RESULTS: The LD50 values of L. scoparium oil were 0.54, 0.67 and 1.12 µg cm−2 against Dermatophagoides farinae (Hughes), D. pteronyssinus (Troussart) and Tyrophagus putrescentiae (Schrank) respectively. The active constituent isolated from L. scoparium was identified as leptospermone (6‐isovaleryl‐2,2,4,4‐tetramethyl‐1,3,5‐cyclohexanetrione) by spectroscopic analysis.

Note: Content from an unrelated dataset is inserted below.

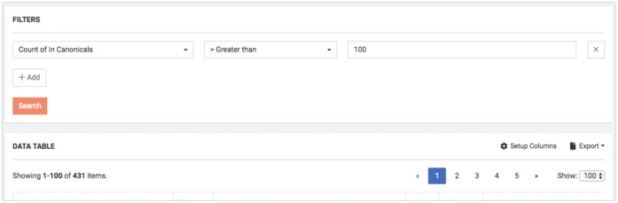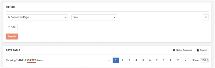 Find all canonized pages in DataTable. Set filter Is Canonized Page = Yes
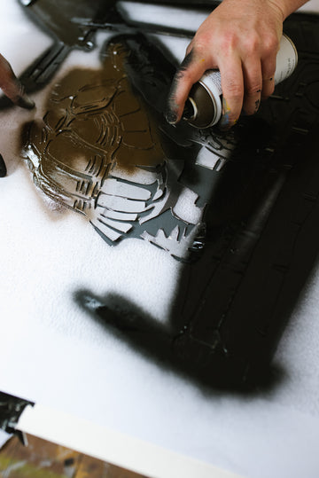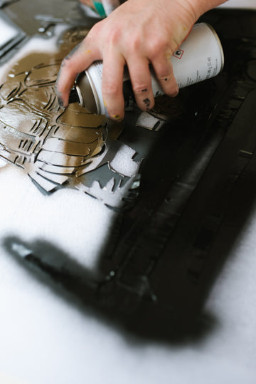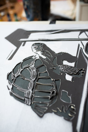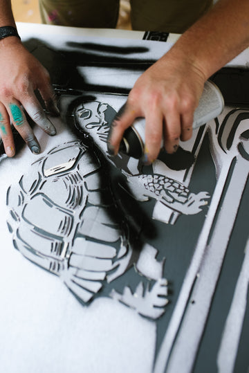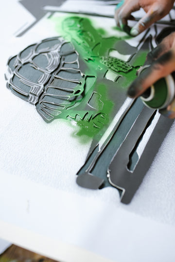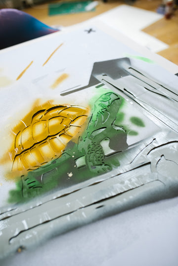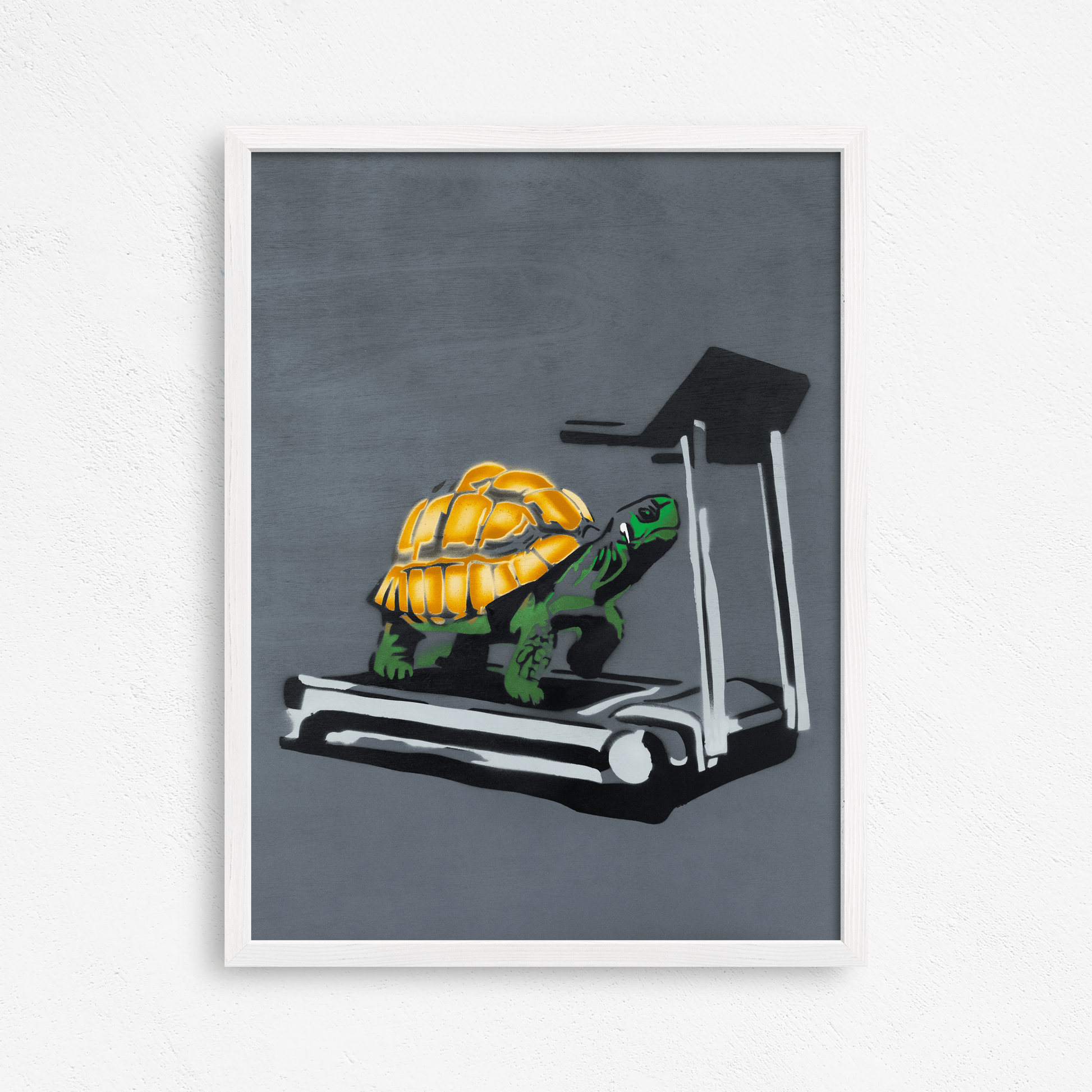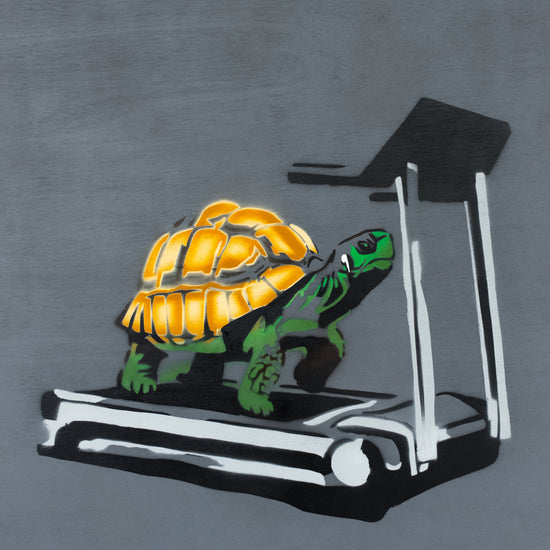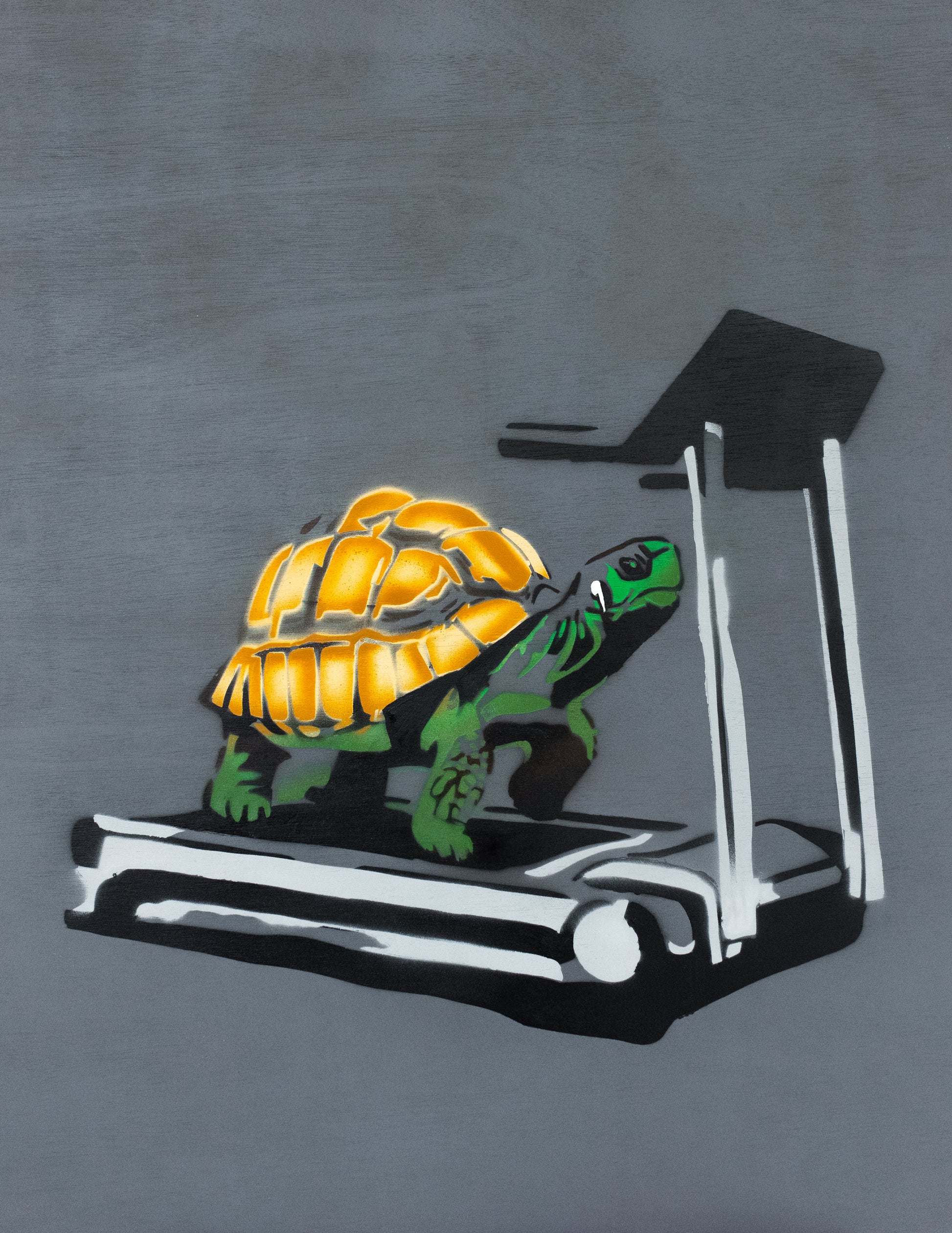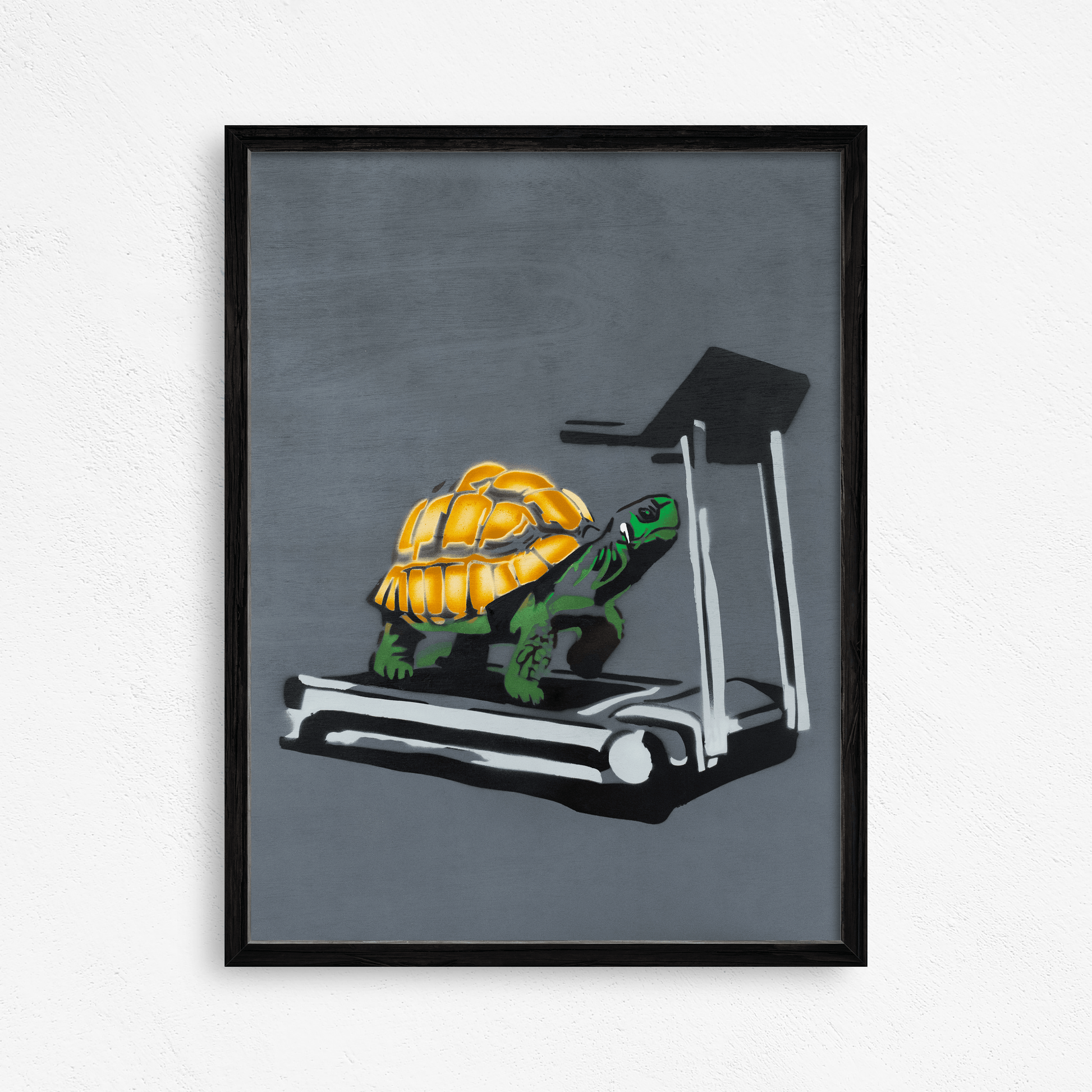 The creation of "PerSHELLnal Best" involved Zen Xander’s signature stencil layering technique, with each element of the tortoise meticulously cut and sprayed to bring out its textured shell and lifelike features. The contrasting gray background and the sharp lines of the treadmill emphasize the tortoise’s journey, making the piece both visually striking and thematically rich.

Based on the LD50 values of leptospermone and its derivatives, the most toxic compound against D. farinae was leptospermone (0.07 µg cm−2), followed by 2,2,4,4,6,6‐hexamethyl‐1,3,5‐cyclohexanetrione (1.21 µg cm−2), benzyl benzoate (10.03 µg cm−2) and DEET (37.12 µg cm−2). Furthermore, similar results were observed when the leptospermone and its derivatives were tested against D. pteronyssinus and T. putrescentiae.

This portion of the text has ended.